0
votes

Hey guys i have one more question I am just not able to understand the behavior of pig

I am loading the data into pig and after some transformation storing it using PigStorage() on hdfs(/user/sga/transformeddata).

But when I load the data from /user/sga/transformeddata location and do

temp = load '/user/sga/transformeddata' using PigStorage();

gen = foreach temp generate page_type;

dump gen;

getting following error:

databytearray can not be cast to java.lang.String

but if i do

gen = foreach temp generate *;

   dump gen;

it works fine

any help is totally appreciated to understand this.

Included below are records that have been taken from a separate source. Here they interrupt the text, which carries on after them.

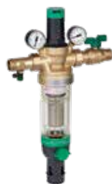
HS10S 1/2" – 2" házi ivóvízállomás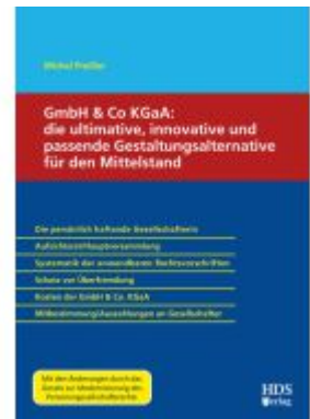
GmbH & Co KGaA: die ultimative, innovative und passende Gestaltungsalternative für den Mittelstand Ladenpreis: 102,80EUR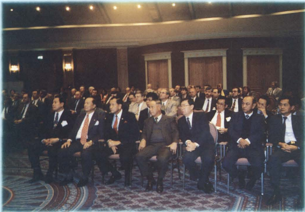
ร่วมพิธีเปิดงาน "THAI HABOUR DAYS" ณ เมืองแอนท์เวิร์ป/ราชอาณาจักรเบลเยียม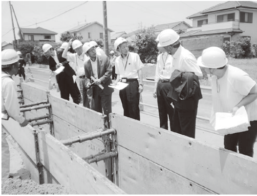
▶液状化対策工事の現場。この枠の中、地面から約3m下に、地下水を集めて排水する管が埋められる。

討論はありませんでした。採決の結果、全ての議案について、原案のとおり可決すべきと決定しました。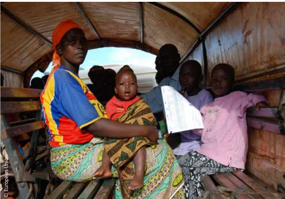
Dit Burundese gezin was ontheemd. Dankzij hulp van de EU konden zij naar huis terugkeren.

Om beter in te spelen op de langetermijneffecten van rampen, moeten humanitaire hulp en noodhulp hand in hand gaan met activiteiten op andere terreinen, zoals ontwikkelingssamenwerking en milieubescherming. Daarom is coördinatie op Europees niveau nodig.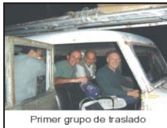
Primer grupo de traslado

Desde hace un tiempo Julio EA5XX uruguayo radicado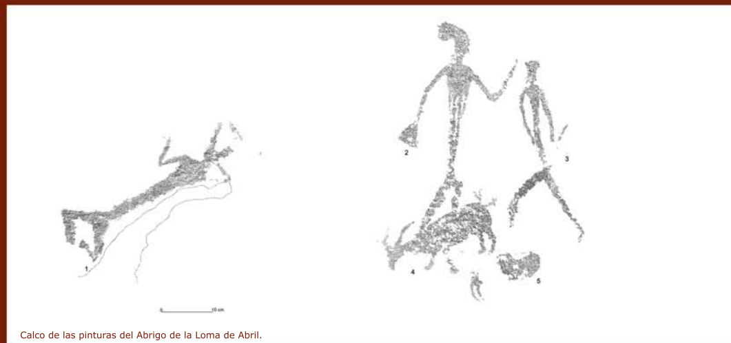
Calco de las pinturas del Abrigo de la Loma de Abril.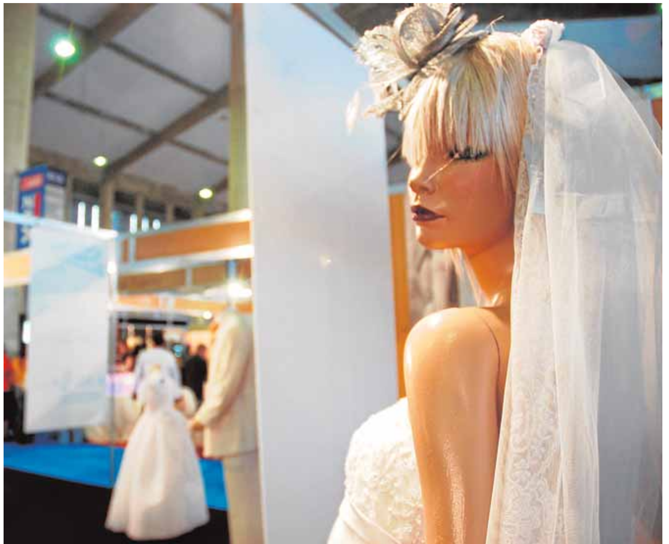
Un maniquí con un traje de novia, uno de los artículos en los que más se puede ahorrar en una boda. :: LA VOZ

En el traje de los novios también se va un buen pellizco. El vestido de las novias se mueve en una horquilla de entre 525 y 1.650 euros (sin contar con los inevitables complementos, zapatos, maquillaje, peinado y ramo, que encarecen la cuenta entre 300 y 700 euros). En el caso del novio, el gasto total oscila entre los 375 y los 780 euros. Un truco para ahorrar es el alquiler del traje, una opción por la que secretamente apuestan muchas parejas, ya que los alquileres ronda los 300-700 euros en el caso de las mujeres y los 90 en el de los hombres.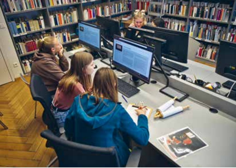
An den Medienstationen in der Bibliothek: Forschendes Lernen über jüdische Religion und Geschichte

Mit der Erneuerung und Erweiterung der Dauerausstellung Techniker der »Endlösung« hat der Erinnerungsort seine Bildungs- und Vermittlungsarbeit weiterentwickelt. Anliegen ist, allen Besucherinnen und Besuchern – unabhängig von Vorwissen oder sprachlichen Voraussetzungen – einen reflektierten und zugleich verantwortungsethisch fundierten Zugang zur Geschichte der Firma Topf & Söhne zu ermöglichen. Die Arbeitsblätter zur Dauerausstellung wurden deshalb umfassend überarbeitet. Dokumente werden nun noch detaillierter erschlossen, Fragen führen Schritt für Schritt durch die historischen Quellen. Diese Struktur unterstützt Lernende dabei, ein begründetes Sachurteil zu zentralen Fragen zu entwickeln: Was wussten die Beteiligten? Welche Motive leiteten ihr Handeln? Auf dieser Grundlage ermöglicht die Auseinandersetzung mit der Ausstellung ein differenziertes Werturteil – angepasst an unterschiedliche Anforderungsniveaus. Die Auseinandersetzung mit Verantwortung, Handlungsspielräumen und Rollen der damaligen Akteure steht dabei im Zentrum. Verantwortungsethische Fragen werden damit nicht abstrakt, sondern quellenbasiert und historisch verankert diskutiert.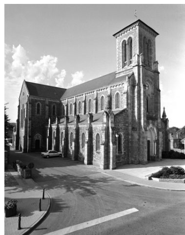
Vue générale nord-est IVR53_19943501755X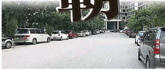
班登柏蘭嶺公園外的道路兩旁,停滿公寓居民的轎車。

“若泊車問題遲遲無法解決,待公寓遷入更多住戶後,屆時相信路邊也會有許多違例泊車的車輛。”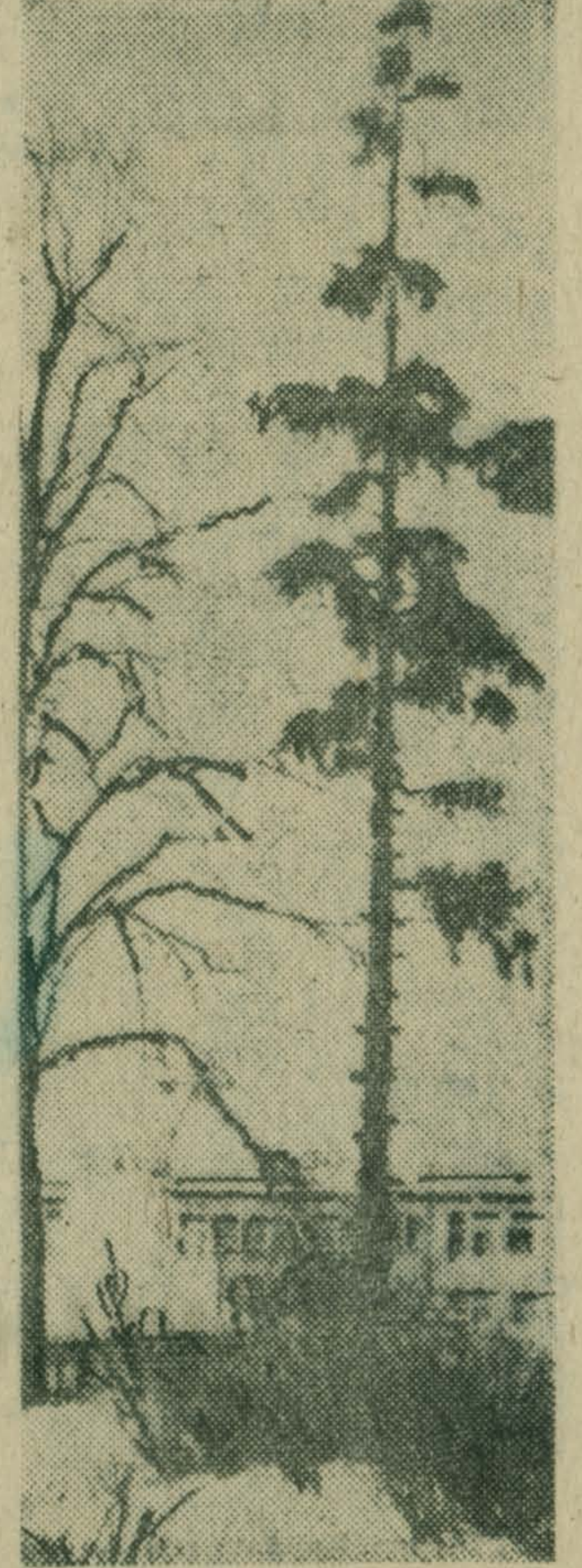
...Смотрит в небо.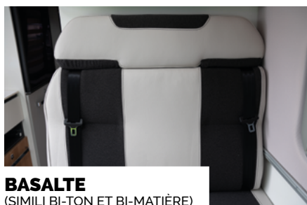
BASALTE (SIMILI BI-TON ET BI-MATIÈRE)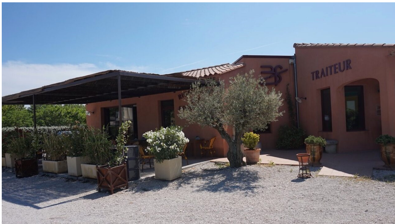
Le traiteur possède également un restaurant sur place.

de chèvre ou de brebis, vins du Ventoux et des Côtes-du-Rhône. Parmi leurs propositions : entrecôte confite de boeuf au vin rouge, burger savoyard au reblochon, tartare canadien au cheddar avec vinaigrette au sirop d'érable, magret de canard au miel, chapon aux cardons pour les fêtes de fin d'année. Un travail d'artisans qui donnent des saveurs aux plats qu'ils mitonnent et du goût à leur cuisine.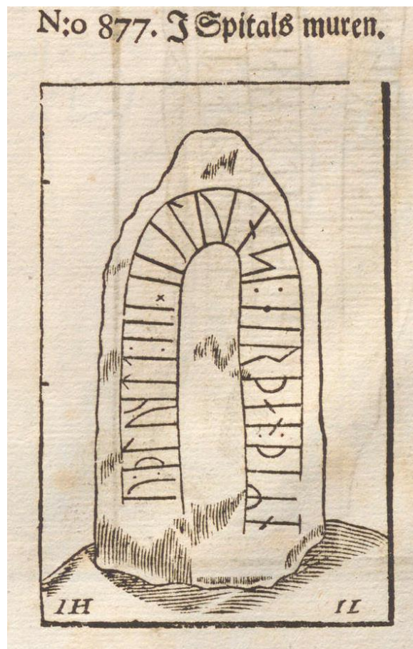
Fig. 171. Ög 168. Hospitalet, Skänninge. Efter B 877.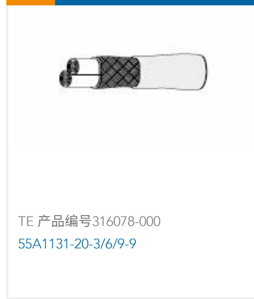
TE 产品编号316078-000 55A1131-20-3/6/9-9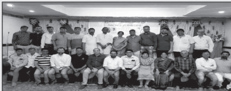
શિબીર સમાપ્તિબાદ સફળતાનો સમુહ સંતોષ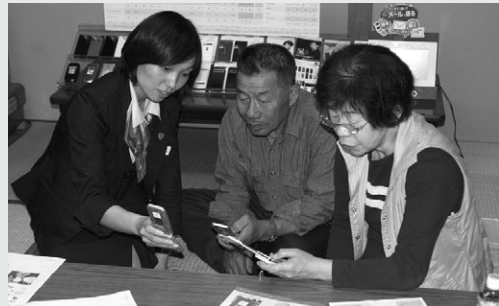
実際に携帯電話に触れてみました

携帯電話施設の完成に合わせ、5月23日に小原、24日に三土で、NTTドコモによる携帯電話教室を開き、延べ25人の地域の皆さんが参加しました。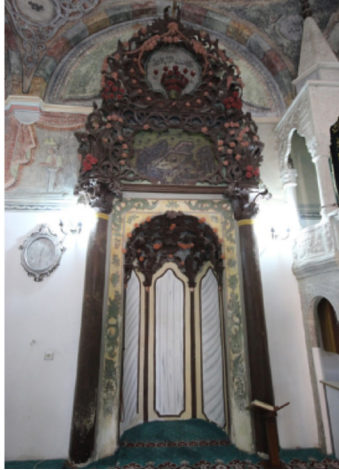
Resim-12: Koçarlı Cihanoğlu Camii Mihrabı.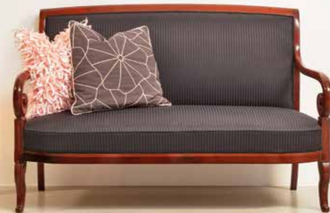
°75 Kleines Sofa Mahagoni massiv Norddeutsch um 1840 B 138 cm, T 60 cm, H 87 cm Sitzhöhe: 44 cm 3.800.- Euro

As required presenting the code:

STORE union_of_all_records INTO '/staged/google/data_after_denormalization' using PigStorage('\t','-schema');

union_of_all_records is an alias in pig.

now another script which will consume this data

lookup_data =
        LOAD '/staged/google/page_type_map_file/' using PigStorage() AS (page_type:chararray,page_type_classification:chararray);

load_denorm_clickstream_record =
        LOAD '/staged/google/data_after_denormalization' using PigStorage('\t','-schema');

and join on these two aliases

denorm_clickstream_record = LIMIT load_denorm_clickstream_record 100;
join_with_lookup =
    JOIN denorm_clickstream_record BY page_type LEFT OUTER, lookup_data BY page_type;

step x :    final_output =
        FOREACH join_with_lookup
                GENERATE denorm_clickstream_record::page_type as page_type;

at step x i get the above error.

1

1 Answers

1
votes

I think you have to options:

1) You have to tell Pig the schema that the data has. For example:

temp = load '/user/sga/transformeddata' using PigStorage() AS (page_type:chararray);

2) When you first store the data tell Pigstorage to store the schema information as well. PigStorage('\t', '-schema'); When you load the data as you do above, PigStorage should read the schema from the schema information.